As you can see, the only information we got back were those lines in the text file that don’t contain the word failed. Which is what we were hoping to get back.

The –context Parameter

Sometimes searching for a target value can result in slightly-misleading output. For example suppose you use this command to search a log file for the word failure:

Select-String C:\Scripts\Test.lxt -pattern "failure"

Now, suppose Select-String reports back the following:

scripts\test.txt:4:a) Name Resolution failure on the current domain controller.

Name resolution failure on the current domain controller? Uh-oh; sound the alarm!

But wait. As it turns out, this entry in the log file actually reads (in part) like this:

Processing Failed 10/30/2007 10:04:05 AM The processing of Group Policy did not succeed. Windows could not resolve the computer name. This could be caused by one or more of the following: a) Name Resolution failure on the current domain controller. b) Active Directory Replication Latency (an account created on another domain controller has not replicated to the current domain controller).

In other words, you might have a name resolution failure. But, then again, you might not; this is just one of several possible problems.

What that means is that context can be very important when extracting information from a text file. And that’s too bad, because context is something that the Select-String cmdlet simply cannot provide.

Well, not unless you use the –context parameter, that is.

As the name implies, the –context parameter not only finds matches but also lets you view those matches in context. That’s great. But what, exactly does that mean?

To answer that question, let’s modify our previous command by adding the –context parameter:

Select-String C:\Scripts\Test.lxt -pattern "failure" -context 2

What’s the 2 passed to –context for? That simply tells the script that, when it comes time to display any matches, we don’t want to see just the line of text where the match occurred. Instead, we also want to see the two lines of text immediately preceding that line as well as the two lines of text immediately following that line. In other words, we want output that looks like this (note that the line where the match occurred can be identified by the right angle bracket [>]):

  scripts\test.txt:2:The processing of Group Policy did not succeed. Windows could not resolve the
  scripts\test.txt:3:computer name. This could be caused by one or more of the following:
> scripts\test.txt:4:a) Name Resolution failure on the current domain controller.
  scripts\test.txt:5:b) Active Directory Replication Latency (an account created on another
  scripts\test.txt:6:domain controller has not replicated to the current domain controller).

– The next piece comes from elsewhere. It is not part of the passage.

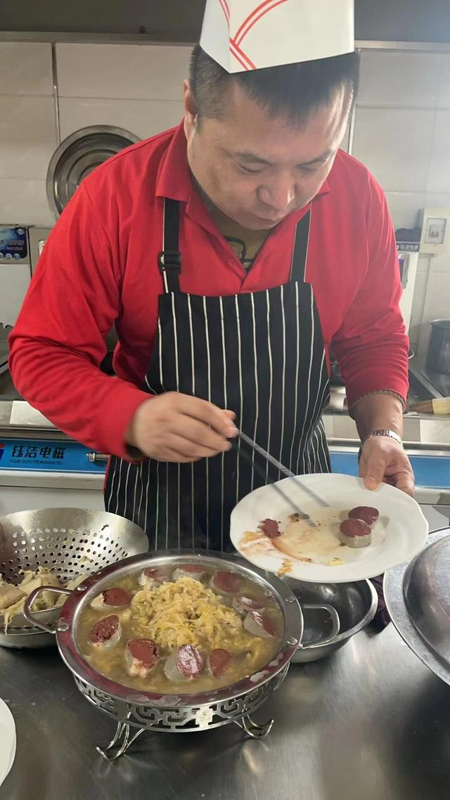 杀猪菜,原本是东北农村每年接近年关时所吃的一道炖菜,现在已经是东北菜的代表。白肉是带皮的大片儿五花肉;血肠要用新鲜的猪血,加入葱花、盐等调味后灌制而成;酸菜也是有讲究的,用东北大白菜靠自然发酵变酸腌成。“这三样汇入一锅,炖得越久就越是香浓,在传统的杀猪菜基础上,为了更便于人们出行食用,还会采用酒精块在小锅底部加热来保证杀猪菜的口感。”主厨董术波说,午饭时分,这里几乎每桌都有一道杀猪菜,让司乘人员吃得津津有味。

That’s more like it; now we know that while we might have a Name Resolution failure we might also have some other problem instead (e.g., an Active Directory replication problem). That could save us from spending an enormous amount of time and energy pursuing a problem that doesn’t even exist.

If you prefer, you can specify different values for the lines preceding a match and the lines following a match. For example, this command shows us the 3 lines immediately preceding a matched line, as well as just the 1 line immediately following a matched line:

Select-String C:\Scripts\Test.lxt -pattern "failure" -context 3,1

Using our sample text, that results in output that looks like this:

  scripts\test.txt:1:Processing Failed 10/30/2007 10:04:05 AM
  scripts\test.txt:2:The processing of Group Policy did not succeed. Windows could not resolve the
  scripts\test.txt:3:computer name. This could be caused by one or more of the following:
> scripts\test.txt:4:a) Name Resolution failure on the current domain controller.
  scripts\test.txt:5:b) Active Directory Replication Latency (an account created on another

Very nice.

A bonus Select-String Tip. By default, Select-String does case-insensitive matching; that means the letter case is ignored which, in turn, means that both FAILURE and failure will be tagged as matches. If you’d prefer to perform a case-sensitive match, in which FAILURE and failure do not match, then simply add the –caseSensitive parameter.